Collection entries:
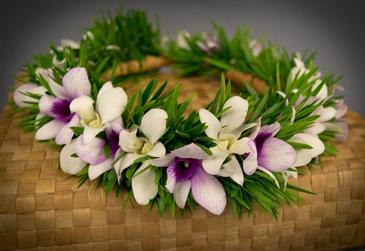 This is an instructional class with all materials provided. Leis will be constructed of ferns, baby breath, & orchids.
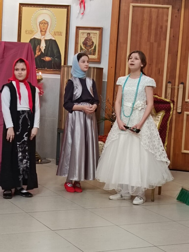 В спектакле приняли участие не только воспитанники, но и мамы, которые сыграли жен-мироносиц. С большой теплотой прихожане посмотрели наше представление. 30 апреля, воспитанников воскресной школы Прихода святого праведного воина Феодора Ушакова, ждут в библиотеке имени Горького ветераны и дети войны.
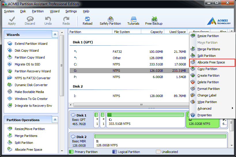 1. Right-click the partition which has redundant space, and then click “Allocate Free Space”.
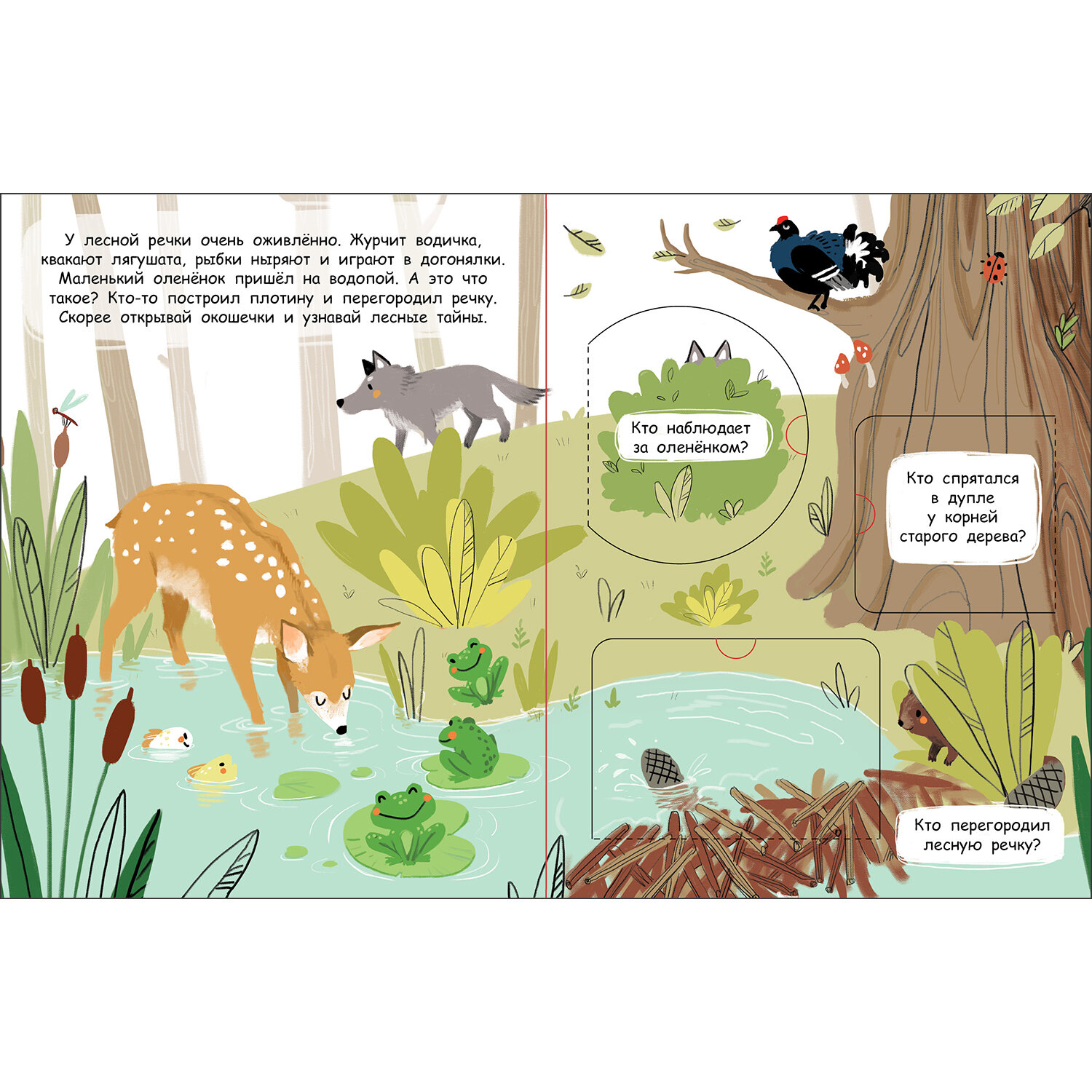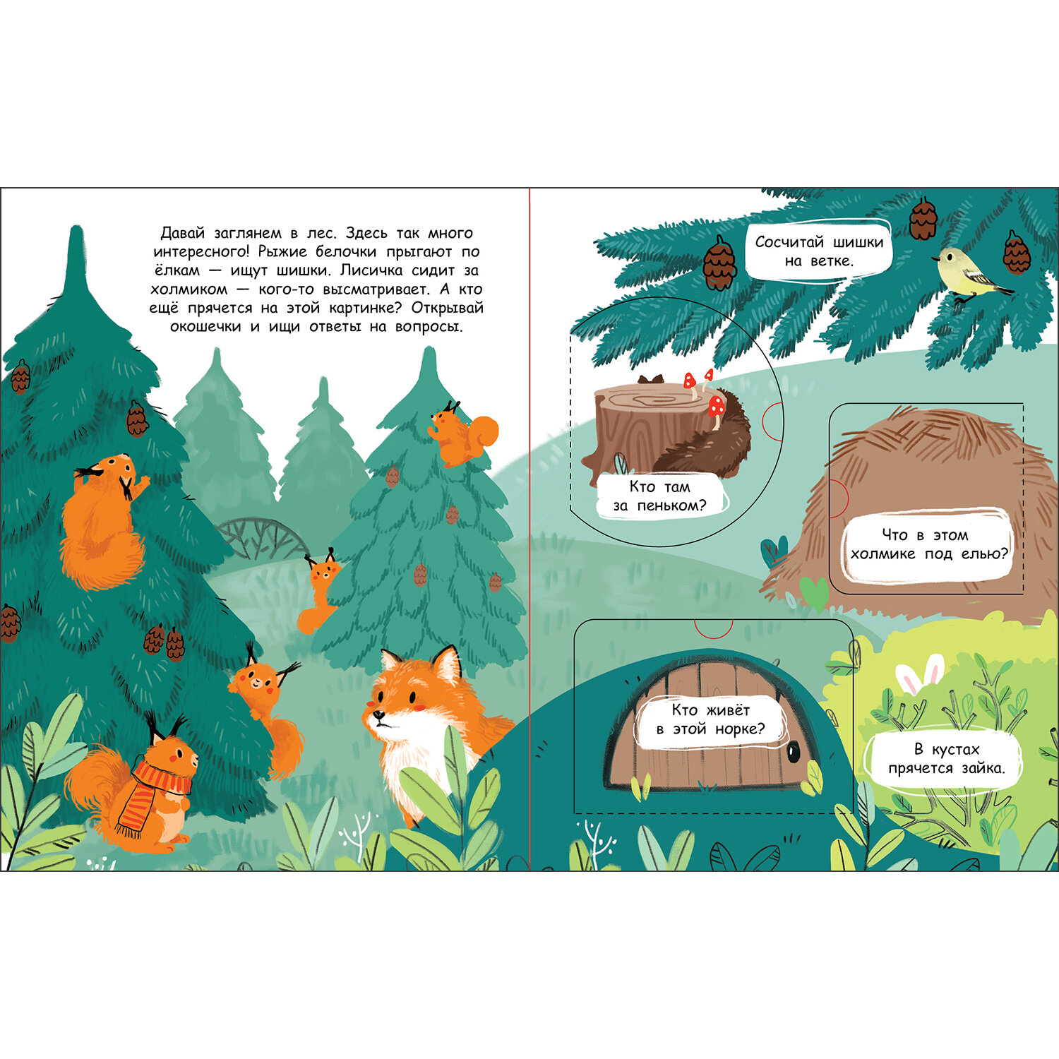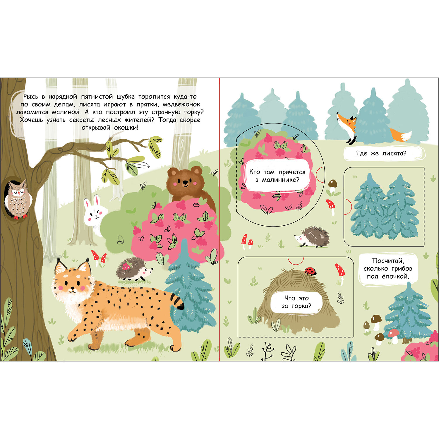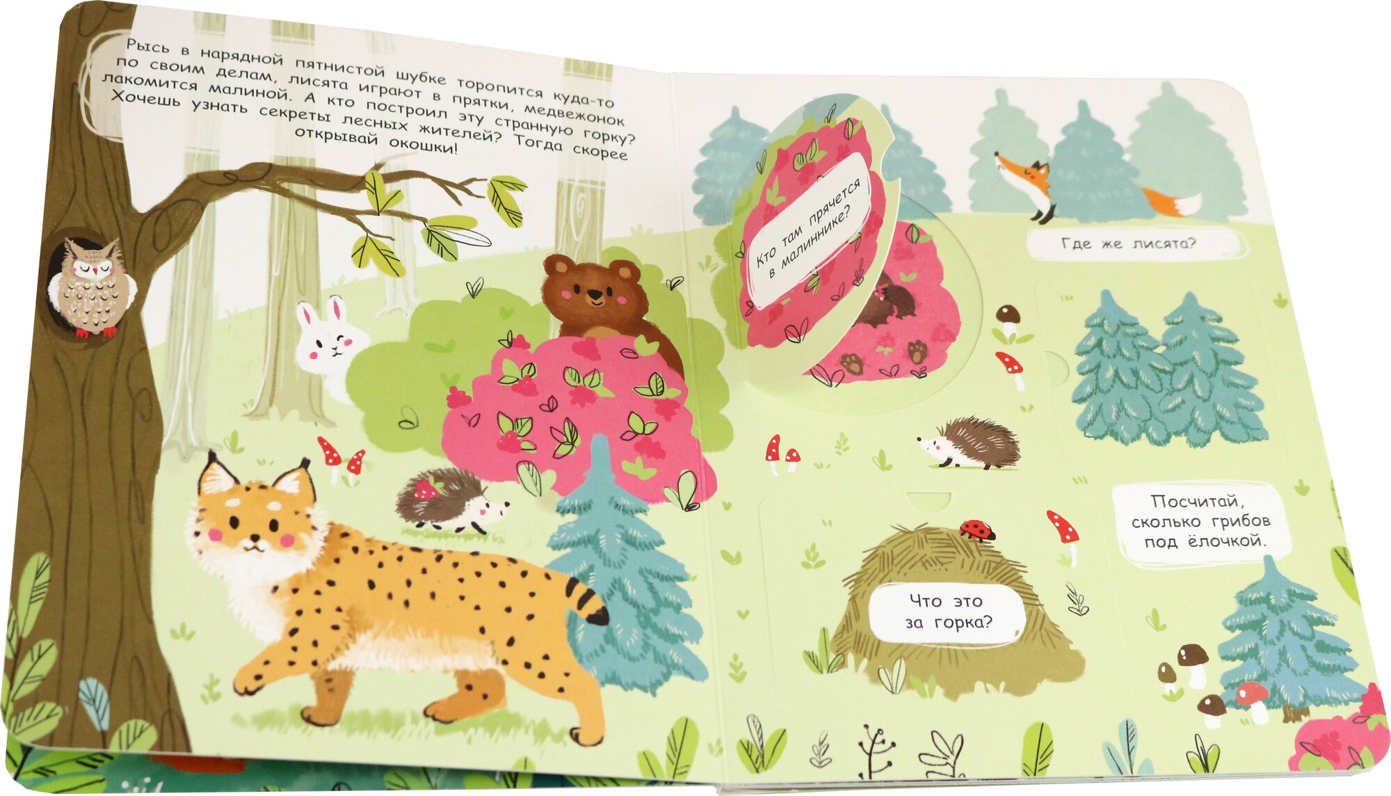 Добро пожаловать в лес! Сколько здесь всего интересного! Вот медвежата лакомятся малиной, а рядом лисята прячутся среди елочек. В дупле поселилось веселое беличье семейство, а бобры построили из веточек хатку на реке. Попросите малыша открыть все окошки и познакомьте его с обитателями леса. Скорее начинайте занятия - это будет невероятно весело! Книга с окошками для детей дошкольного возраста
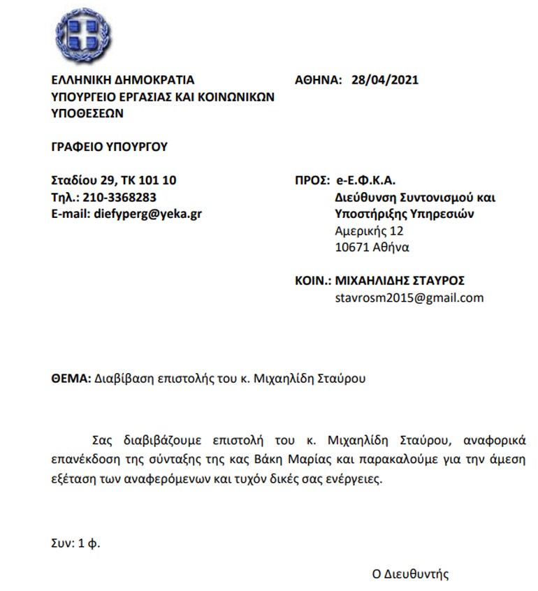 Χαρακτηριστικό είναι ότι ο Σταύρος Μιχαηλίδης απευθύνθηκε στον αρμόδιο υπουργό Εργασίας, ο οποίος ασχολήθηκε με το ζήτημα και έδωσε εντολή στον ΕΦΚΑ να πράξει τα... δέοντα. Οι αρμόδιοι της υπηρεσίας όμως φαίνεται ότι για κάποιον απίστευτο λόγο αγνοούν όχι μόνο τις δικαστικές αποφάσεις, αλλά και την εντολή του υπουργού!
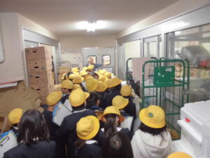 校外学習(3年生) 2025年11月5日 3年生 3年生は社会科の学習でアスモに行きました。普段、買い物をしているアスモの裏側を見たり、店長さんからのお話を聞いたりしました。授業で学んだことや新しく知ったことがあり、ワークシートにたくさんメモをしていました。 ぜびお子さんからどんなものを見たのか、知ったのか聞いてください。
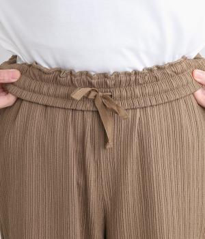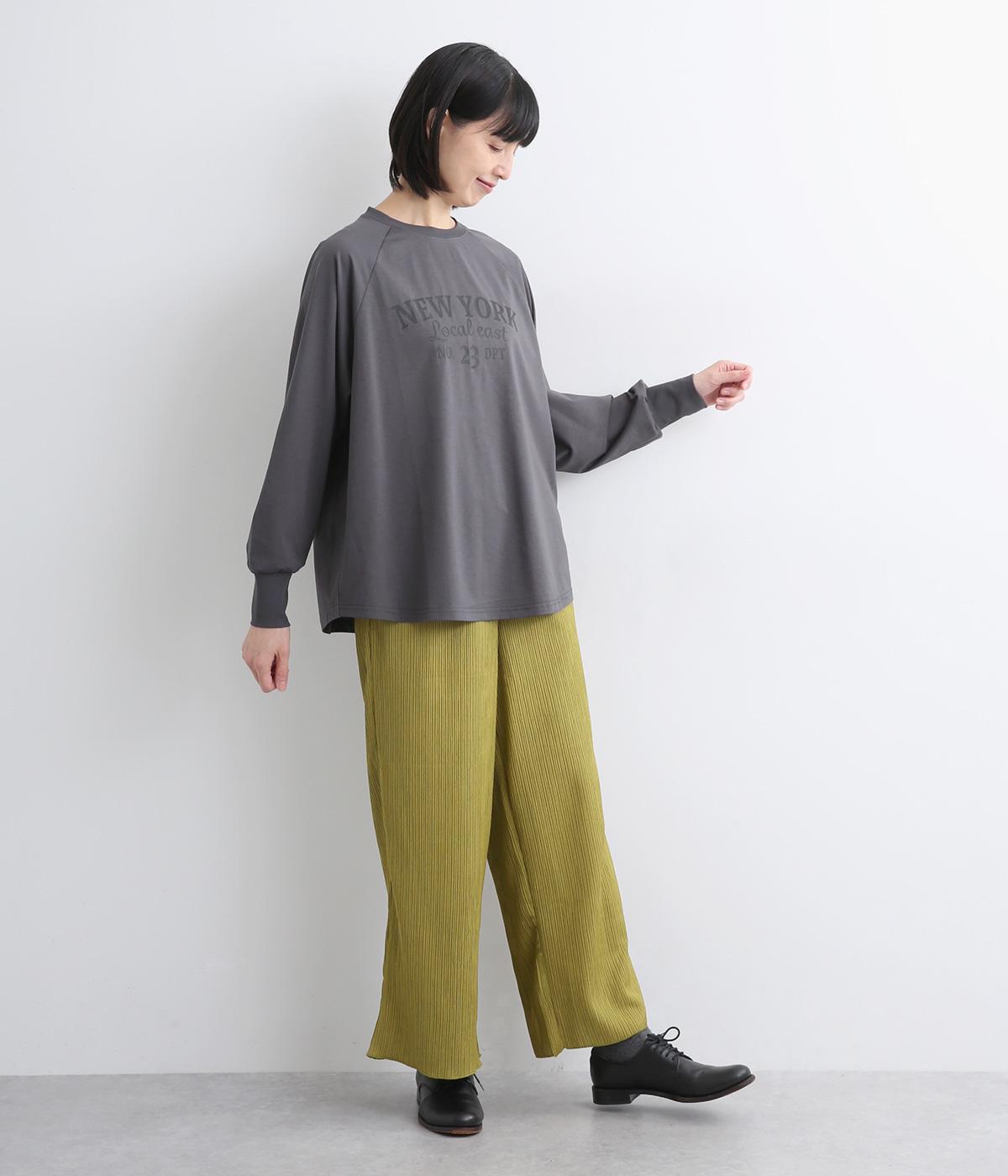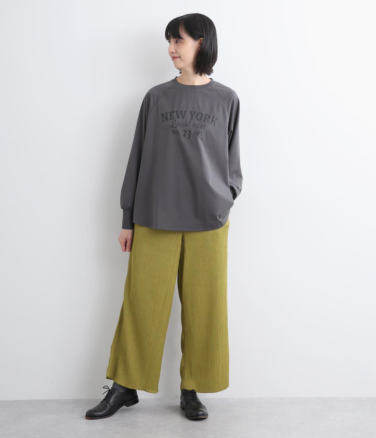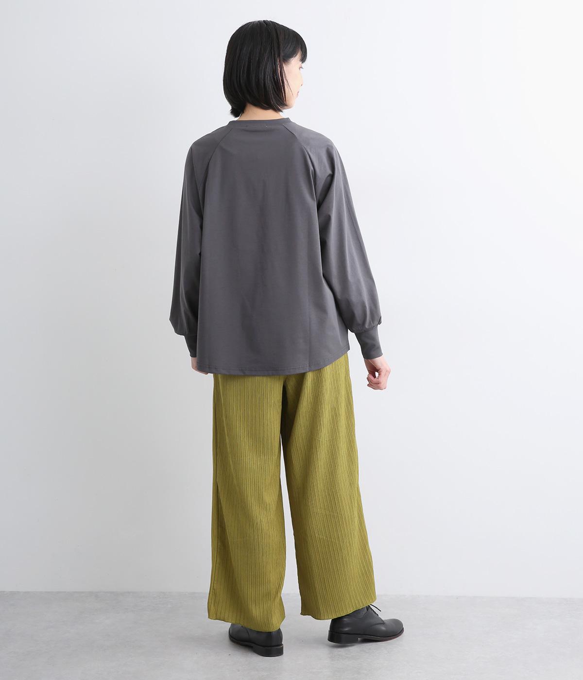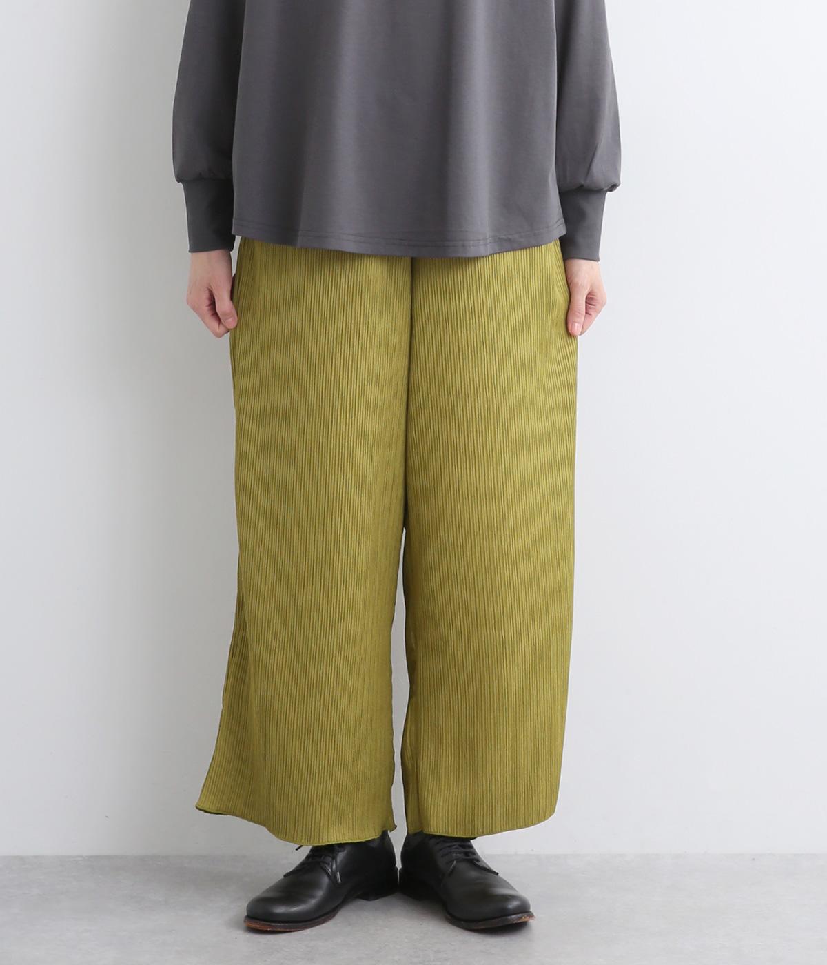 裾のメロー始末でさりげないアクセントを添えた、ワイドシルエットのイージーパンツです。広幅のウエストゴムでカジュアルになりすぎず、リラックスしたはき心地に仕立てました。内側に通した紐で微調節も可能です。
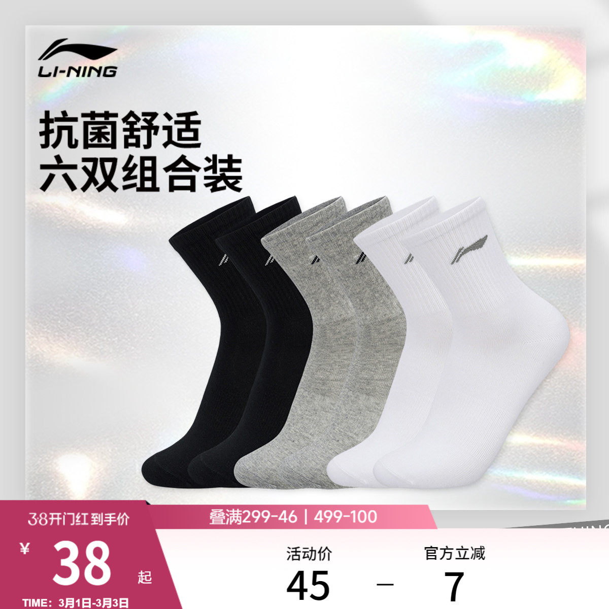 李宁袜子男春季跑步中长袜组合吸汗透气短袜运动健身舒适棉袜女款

■ Description of the task
In the records above, find the line with "В спектакле приняли". Print exactly from there through the line with "1. Right-click the", minus the pictures.

■ Answer section
 В спектакле приняли участие не только воспитанники, но и мамы, которые сыграли жен-мироносиц. С большой теплотой прихожане посмотрели наше представление. 30 апреля, воспитанников воскресной школы Прихода святого праведного воина Феодора Ушакова, ждут в библиотеке имени Горького ветераны и дети войны.
 1. Right-click the partition which has redundant space, and then click “Allocate Free Space”.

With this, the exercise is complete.